In both species, the deep lateral cortex is marked by a transition
between the nicotinamide adenine dinucleotide phosphate-diaphorase (NADPH-d) rich superficial cortex and a cytochrome oxidase (CO) rich central nucleus. In both species, focal injections of anterograde tracers in the cochlear nucleus at sites of known best frequency produced bands of labeled inputs in two different subdivisions of the IC. A medial band of axons terminated in the central nucleus, while shorter bands were located laterally and oriented nearly perpendicularly to the medial bands. In the rat, these Fedratinib price lateral bands were located in the third, deepest layer of the lateral (external) cortex. In the cat, the bands were located in a region that was previously ascribed to the central nucleus, but now considered to belong to the third, deepest layer of the LC, the ventrolateral nucleus. In both species, the LC inputs had a tonotopic organization. In view of this parallel organization, we propose a common parcellation of the IC for rat and cat
with a new nomenclature. The deep layer of the LC, previously referred to as layer 3 in the rat, is designated as the ‘ventrolateral nucleus’ selleck inhibitor of the LC, making it clear that this region is thought to be homologous with the ventrolateral nucleus in the cat. The similar organization of the LC implies that this subdivision of the IC has similar functions in cats and rats. (C) 2008 IBRO. Published by Elsevier Ltd. All rights reserved.”

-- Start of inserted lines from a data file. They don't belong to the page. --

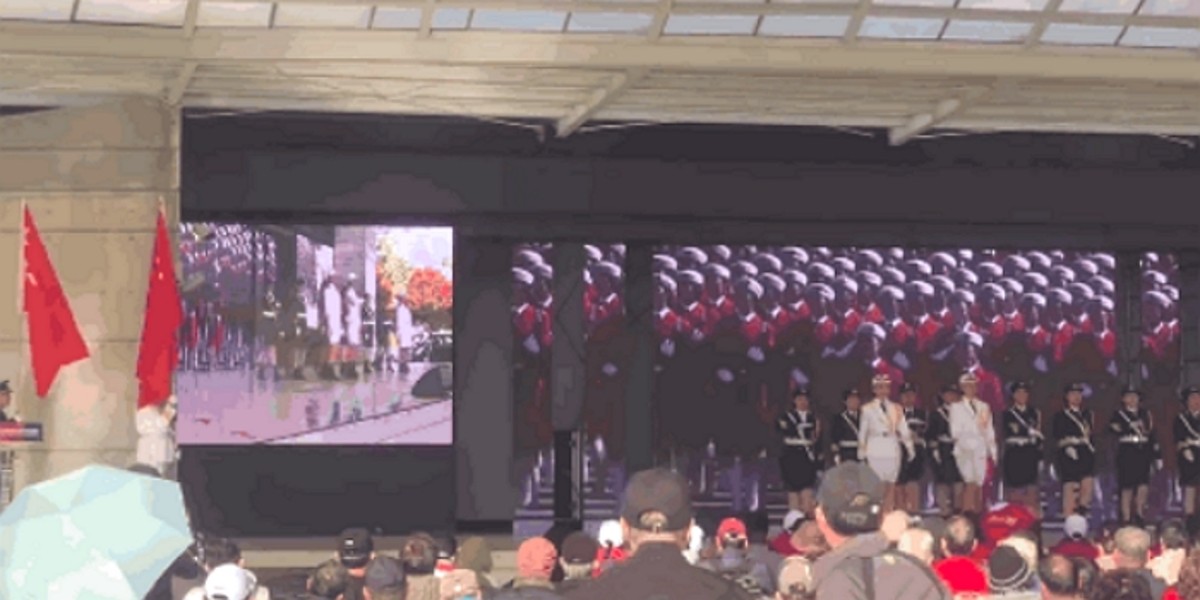 무대 뒤편 대형 화면에는 중국군 행진 장면이 상영됐고, 특히 중국 인민해방군을 상징하는 깃발이 등장해 시민들의 거센 비판을 받았습니다.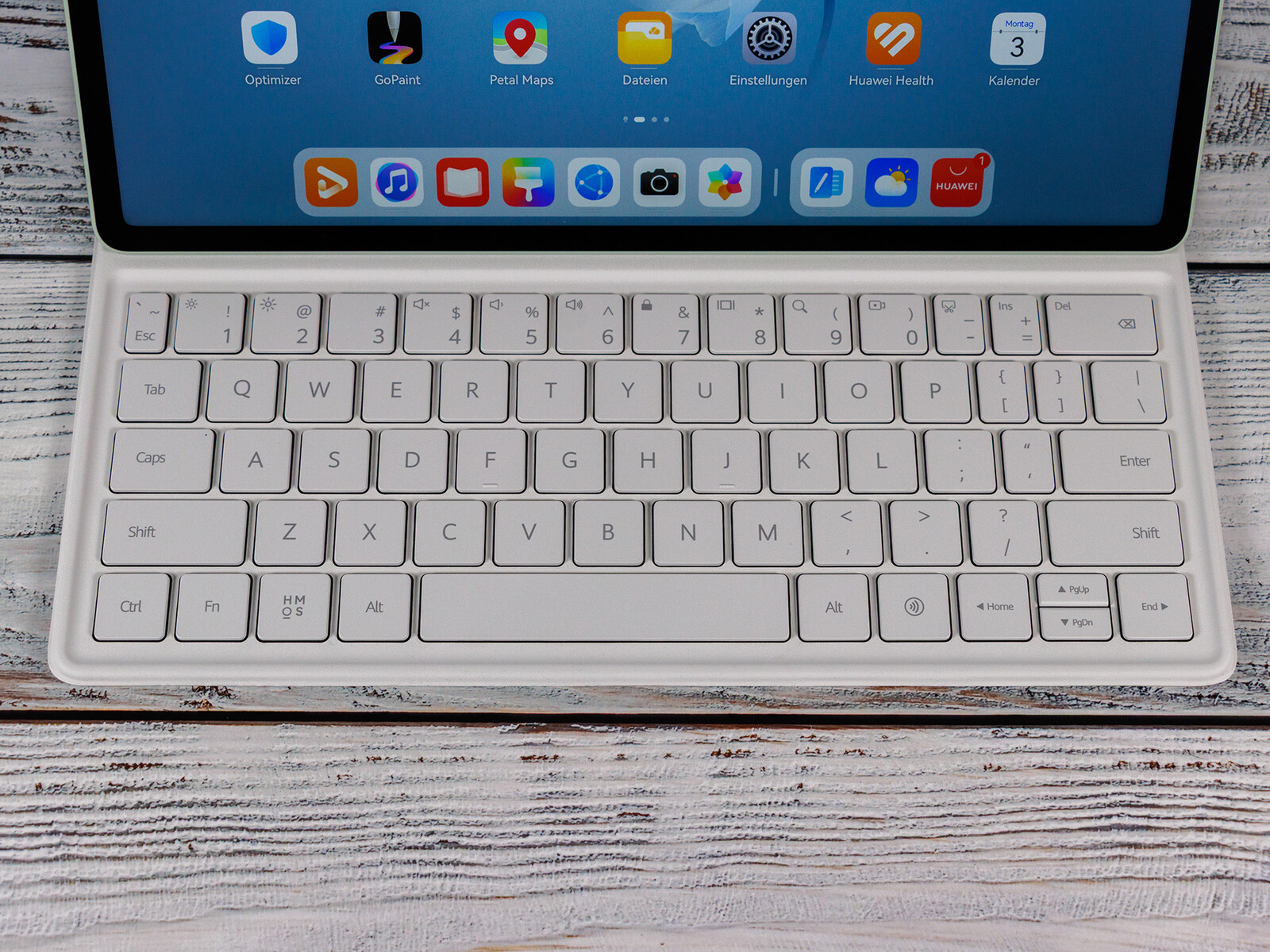 Con una altura de sólo 5,9 mm y un peso de 555 g, la tableta de Huawei es ideal para utilizarla sobre la marcha, aunque no ofrece la opción de teléfono móvil. Su rendimiento en el día a día es bueno y cuenta con interfaces modernas como Wi-Fi 7 y USB 3.2. El Bluetooth 5.2, por otra parte, parece un poco anticuado, y el Wi-Fi de 6 GHz tampoco está disponible. El teclado incluido es bueno, pero no deja una impresión de tan alta calidad como los de los modelos Pro, y la pantalla no está calibrada de forma óptima para un uso profesional.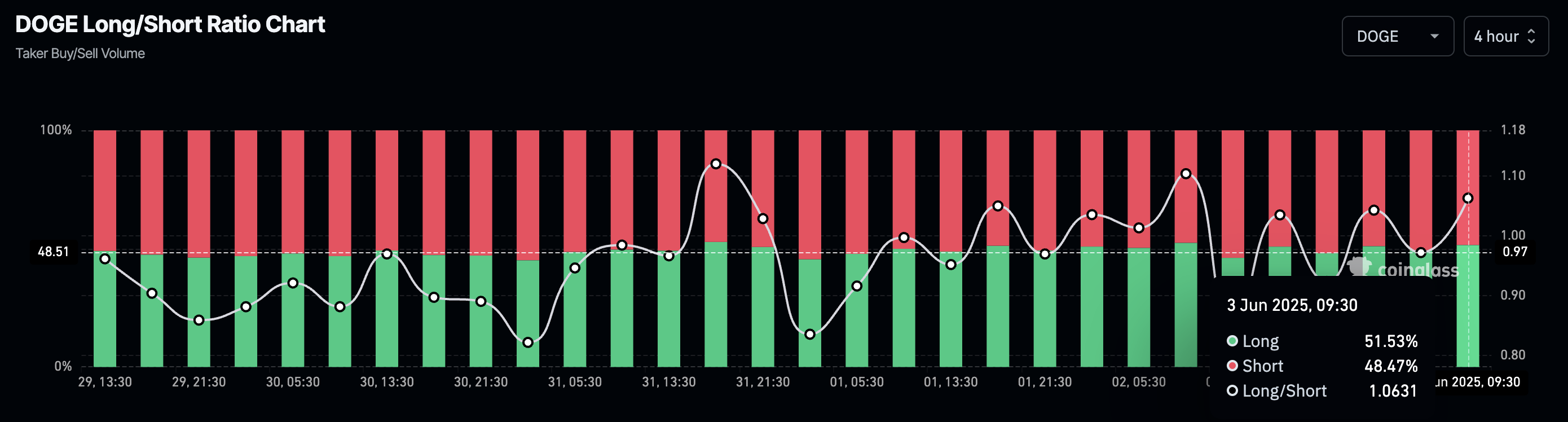 Gráfico de relación larga/corta de DOGE. Fuente: Coinglass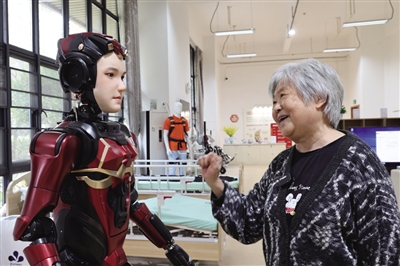 在深圳市養(yǎng)老護理院,一名老人與人形機器人“夏瀾”互動。新華社記者 梁旭 攝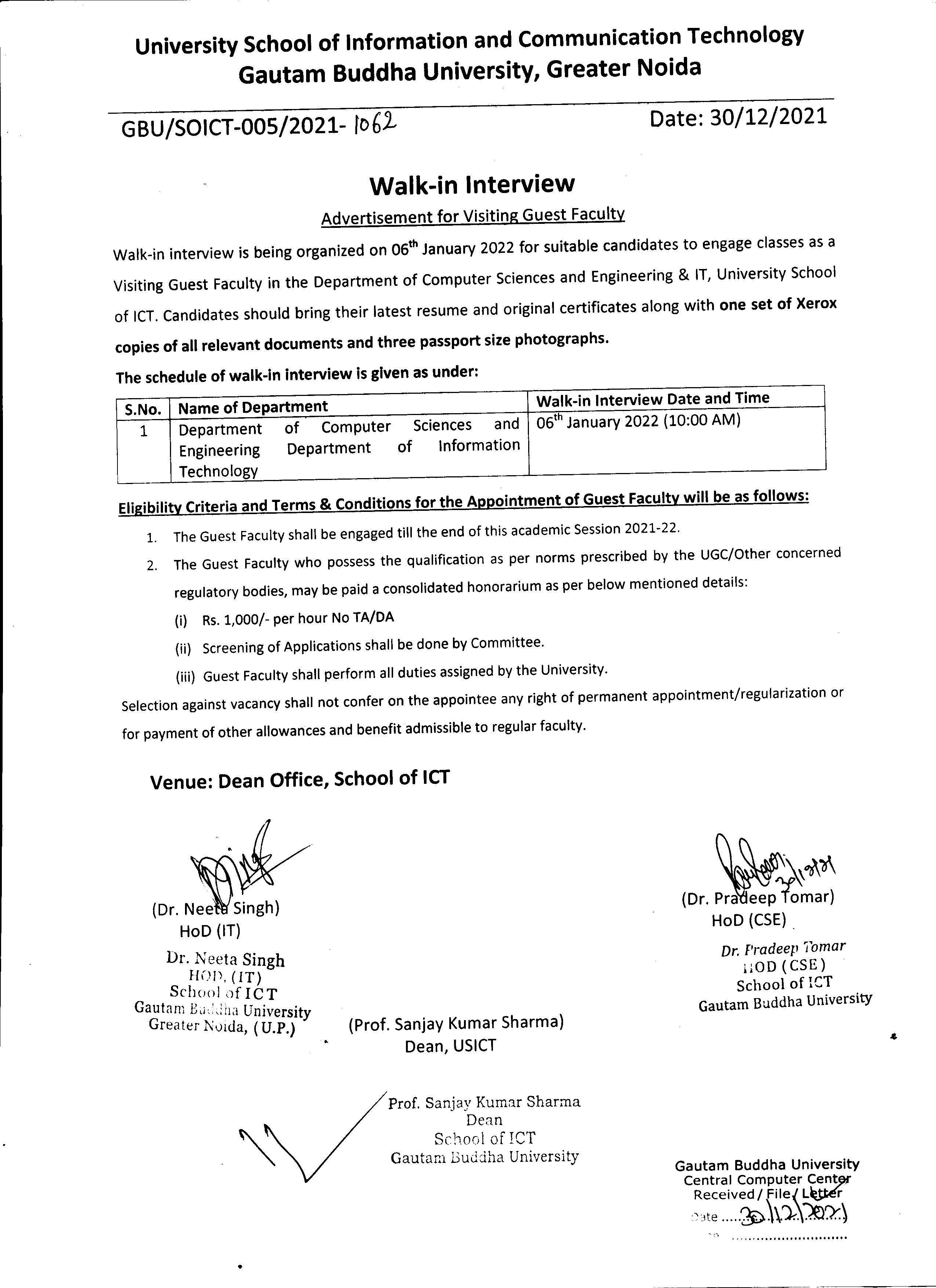 Walk-in-interview is being organized on 06" January 2022 for suitable candidates to engage classes as a Visiting Guest Faculty in the Department of Computer Sciences and Engineering & IT, University School of ICT. Candidates should bring their latest resume and original certificates along with one set of Xerox copies of all relevant documents and three passport size photographs. The schedule of walk-in-interview is given as under: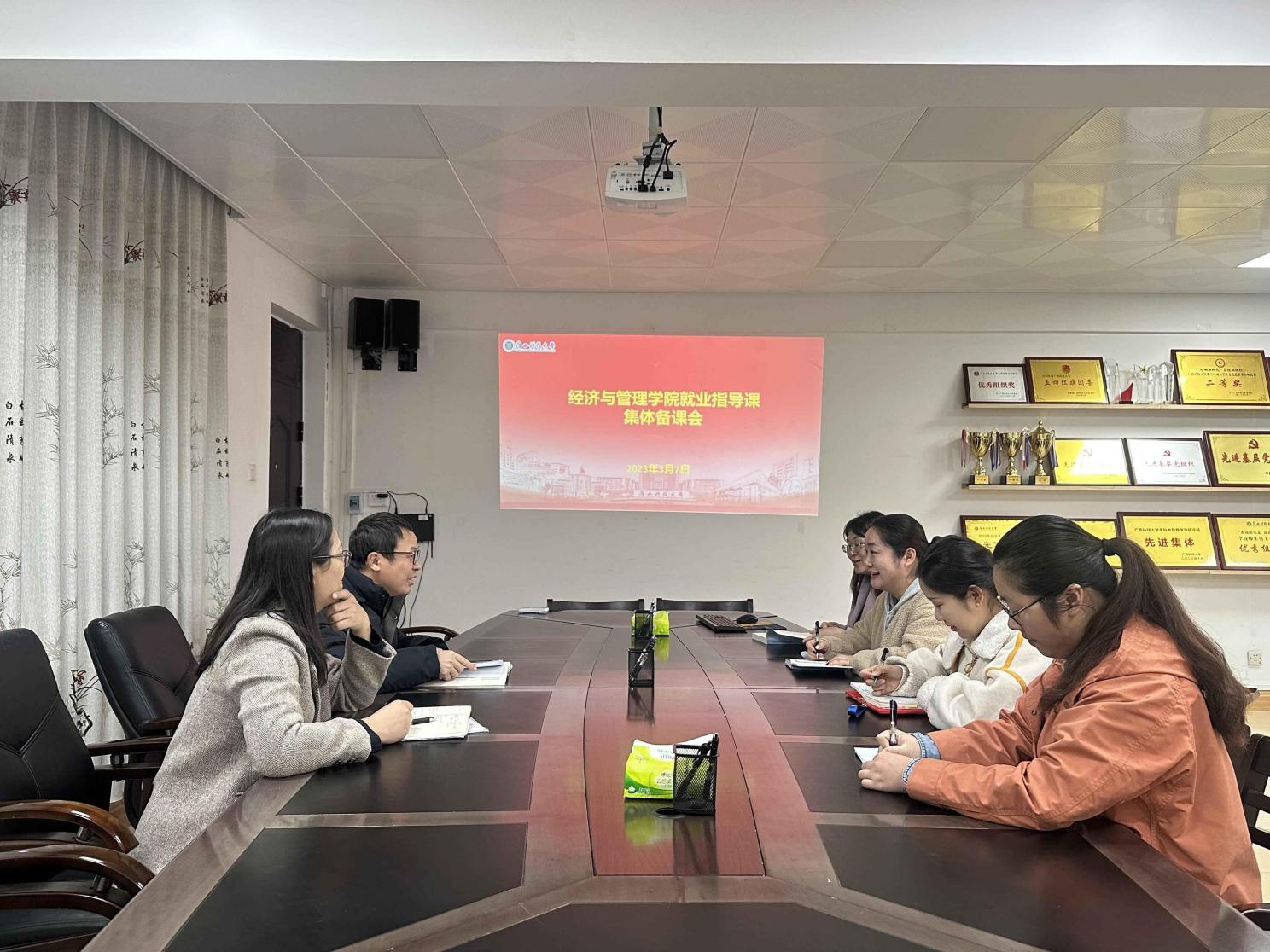 为了更好地完成2025届本科毕业生就业指导课的授课计划和任务,提高课程教学质量,推进课程思政建设,为毕业生将来就业打下良好基础,3月7日,学院组织全体任课老师在文昌校区第四教学楼4B409召开集体备课会,会议由学院党委副书记韦齐齐主持。
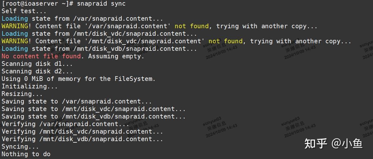 执行snapraid sync根据数据盘生成校验盘,执行成功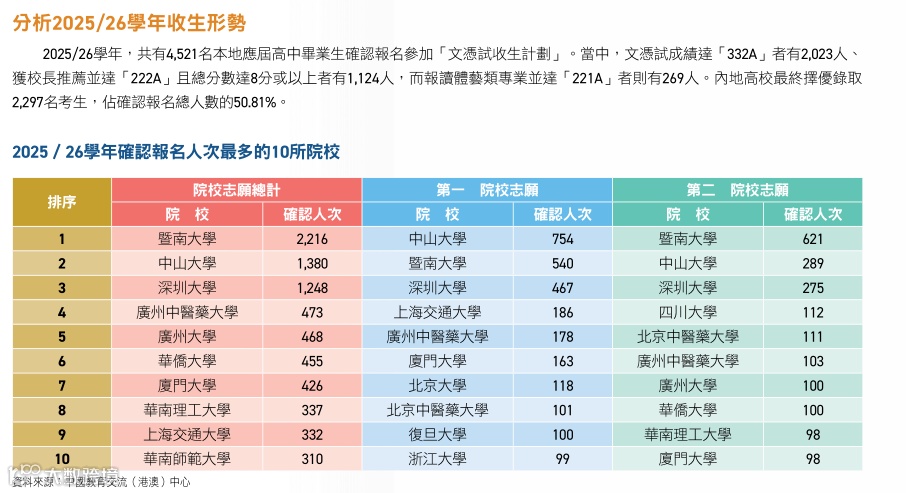 最终,内地高校共择优录取2,297人,占确认报名总人数的50.81%。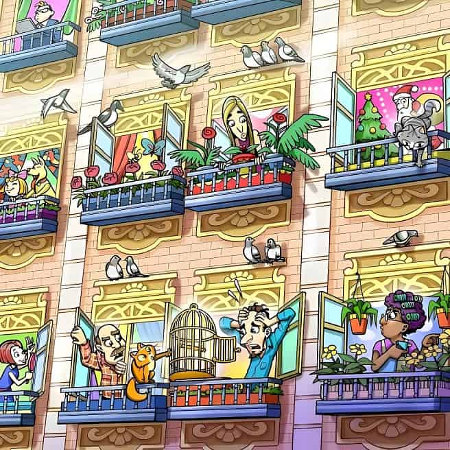 The image shows a balcony scene in a gated society where different types of people can be seen.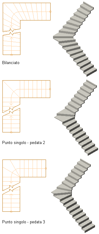 Sono disponibili tre diversi tipi di gradini a piè d'oca che consentono diversi livelli di impostazione per le scale con 1/2 e 1/4 di giro: Bilanciato, Punto singolo e Manuale.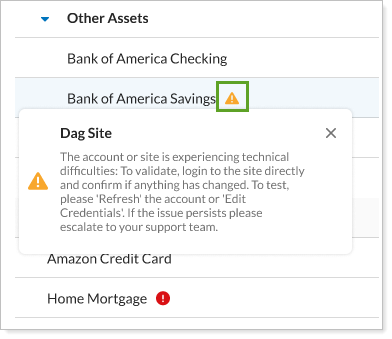 Linked error alerts and resolution functionality works the same as it does on the Assets & Liabilities client portal page.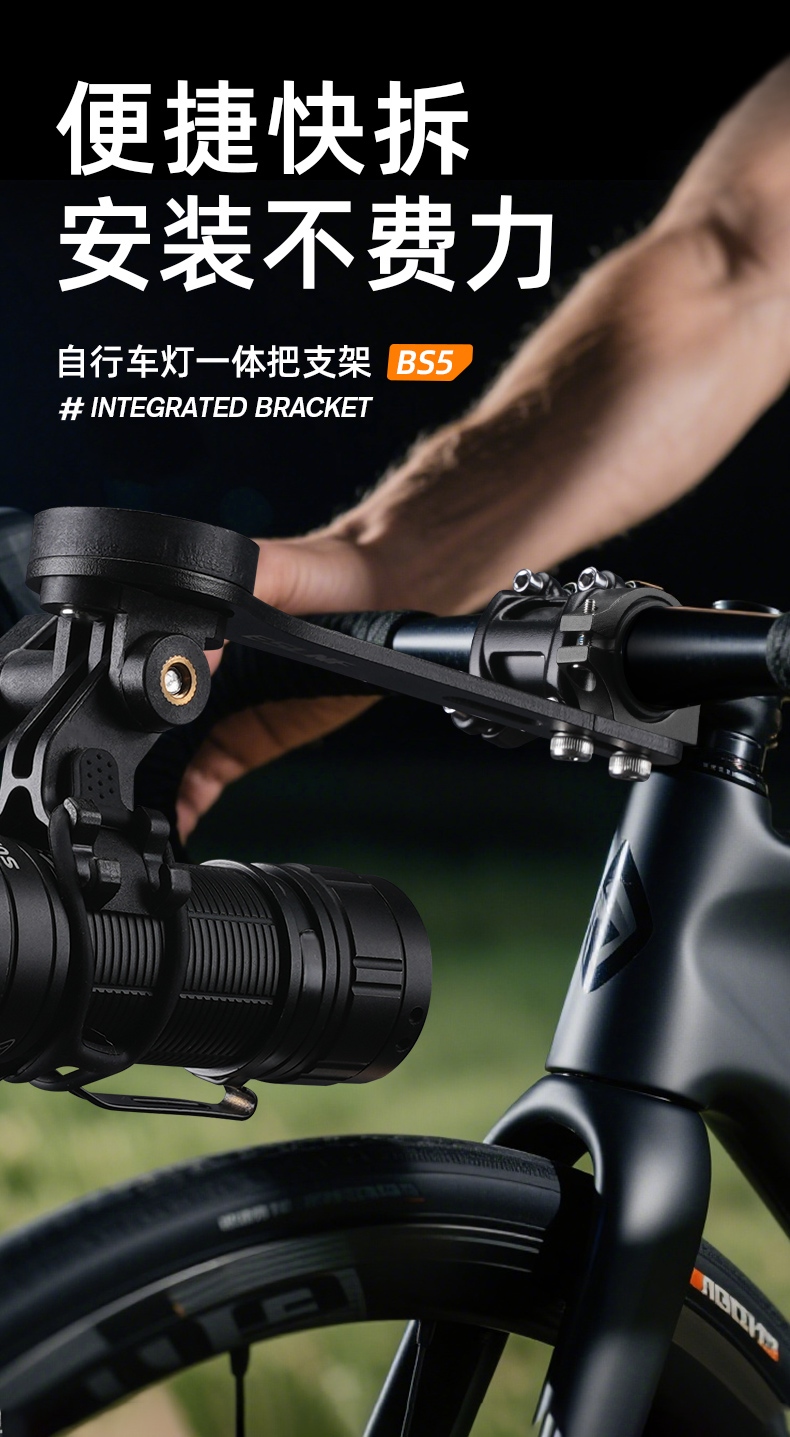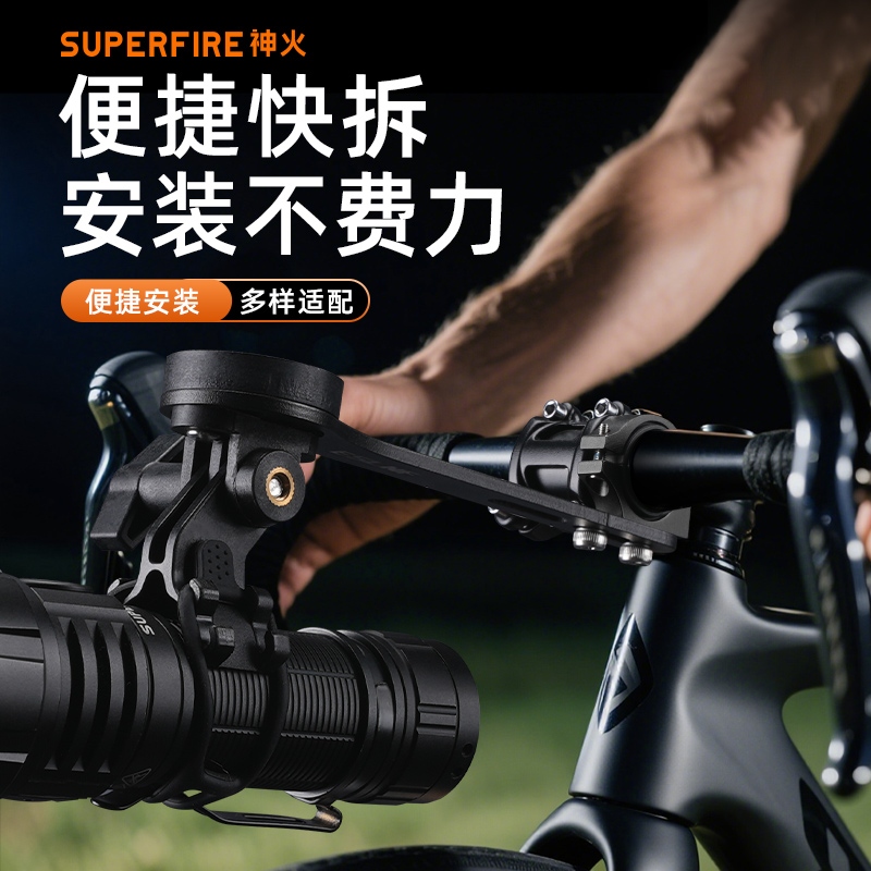 3、六角螺丝便捷锁定,配置下挂接头和手电夹,车灯类型随心选择;

“The interscapular brown adipose tissue (IBAT) thermogenesis is accompanied with oxidative stress. In spite of the ability of rats to synthesize selleck vitamin C, we tested the possibility that its additional intake may improve the tissue antioxidative protection. Thus, we studied the MAT oxidative status in rats supplemented by two doses of ascorbic acid over a 4-week period of time.
Our results confirmed that the additional intake of ascorbate improves the tissue antioxidative defense. Probably acting through enhanced insulin release, vitamin C also exerted some metabolic effects, which emphasize its role in the regulation of IBAT functions under normal
physiological conditions. (c) 2008 Elsevier Ltd. All rights reserved.”
“(1) Investigations of the effect of temperature on body size are largely limited to the larval phase, with our understanding of the effect of temperature during metamorphic climax entirely restricted to the insects.
(2) Environmental temperature was manipulated only during metamorphosis in the aquatic amphibian Xenopus laevis.
(3) Lower temperatures during metamorphosis resulted in individuals with greater mass, head width and snout-vent length on the completion of metamorphosis.
(4) This suggests that temperatures experienced during the relatively short metamorphic phase will play an important part in determining the temperature-size relationship in amphibians.